Найденная доска придала нам решимости. Господь ответил на нашу молитву. Положили иконы на доску, и Глеб оттолкнул ее подальше от берега. Пускай плывут!

Я взял фотоаппарат и запечатлел эту историческую сцену. Кто его знает, может, действительно пригодит­ся… для музея Реформации.

Вдалеке стояла группа людей, стараясь понять, что мы делаем.

Так Мария Васильевна рассталась с иконами и сво­им семидесятидевятилетним православным про­шлым. Потом мы вернулись в ее дом и напились чаю. Глеб прочитал отрывок из Евангелия от Матфея. По­молились по очереди. Настроение было превосходное, будто мы сделали большое и важное дело.

 

Всю свою жизнь эта маленькая хрупкая женщина жила тихой жизнью советского служащего. Честно трудилась и боялась начальства. Казалось, ее интере­сы были навечно ограничены кругом привычных по­нятий.

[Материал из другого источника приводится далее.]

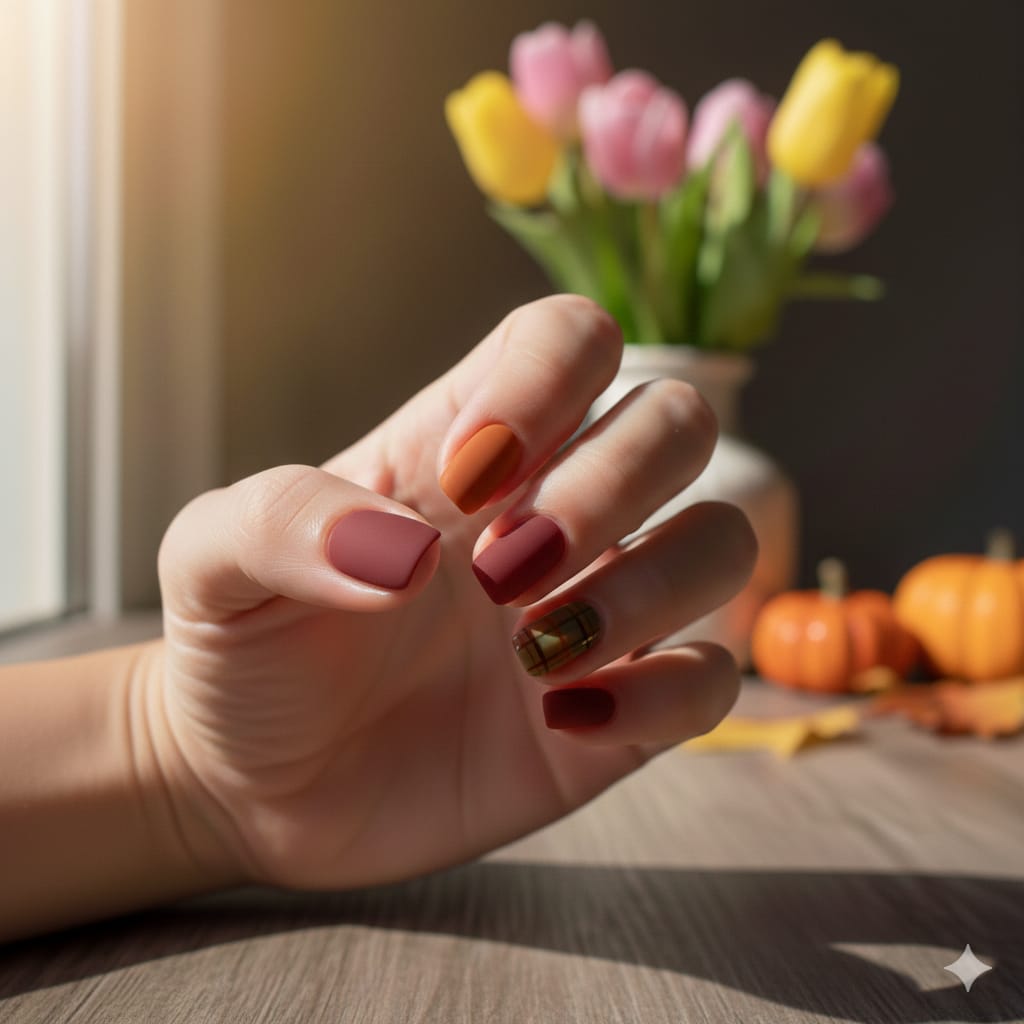 Matte nails are perfect for creating cozy and elegant autumn looks. Matte finishes in earthy tones, burgundy, or olive green add sophistication. Matte autumn nails are popular in 2026 because they give a modern, minimalist vibe. They pair beautifully with fall fashion like sweaters and scarves. Pinterest users love matte nail inspiration.

Однако сегодня эта женщина сделала свой религи­озный выбор, расставшись с верованием, которое ничего не дало ее душе. Отныне в ее жизнь вошли Евангелие и сердечная молитва Богу».

 

9 марта 2009

Прихожанка говорит, что они с сыном решили в Пост не смотреть телевизор. Сыну далось это решение нелегко, но он его принял.

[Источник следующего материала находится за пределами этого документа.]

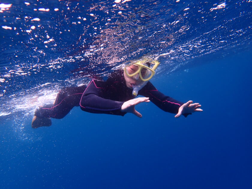 出ました!今日の主役、アオウミガメが青い海を飛ぶように泳ぐ姿は、何度見ても見惚れちゃいますね(^^)/

И вот в понедельник приходит в гости двоюродная сестра, крестная мальчика. «Фанатики! Бедный ребенок!» И включает телевизор. Мама говорит: не надо.

«Надо! Я как крестная говорю».

Спрашивает, что делать? Все-таки крестная…

Спрашиваю, насколько церковная эта крестная. Вообще нецерковная, в храм не ходит, не исповедуется и не причащается.

Объясняю, что она только по названию крестная. И что, если ее советы идут вразрез с учением Церкви, то слушать ее не надо.

 

Вспоминается в этой связи древняя практика Церкви. Для младенцев крестные… не требовались, поскольку крестными считались сами родители малыша. Ведь кто такие крестные? Духовные наставники. В случае, если крестился взрослый человек, ему такие наставники были нужны. Ими могли стать друзья-христиане, просто авторитетные прихожане, которых назначит священник. А для младенцев, у которых были верующие родители, крестные не требовались. Зачем? Ведь сами родители будут их наставлять и укреплять в вере.

Сегодня, конечно, уважая сложившуюся традицию, мы просим, чтобы и у детей воцерковленных родителей были крестные. Просим, но не настаиваем.

 

Сегодня же еще один разговор на эту тему: «Батюшка, тут наш крестный приходил. Напился, как свинья. Всех унижал и обижал. Дети от него рыдали…»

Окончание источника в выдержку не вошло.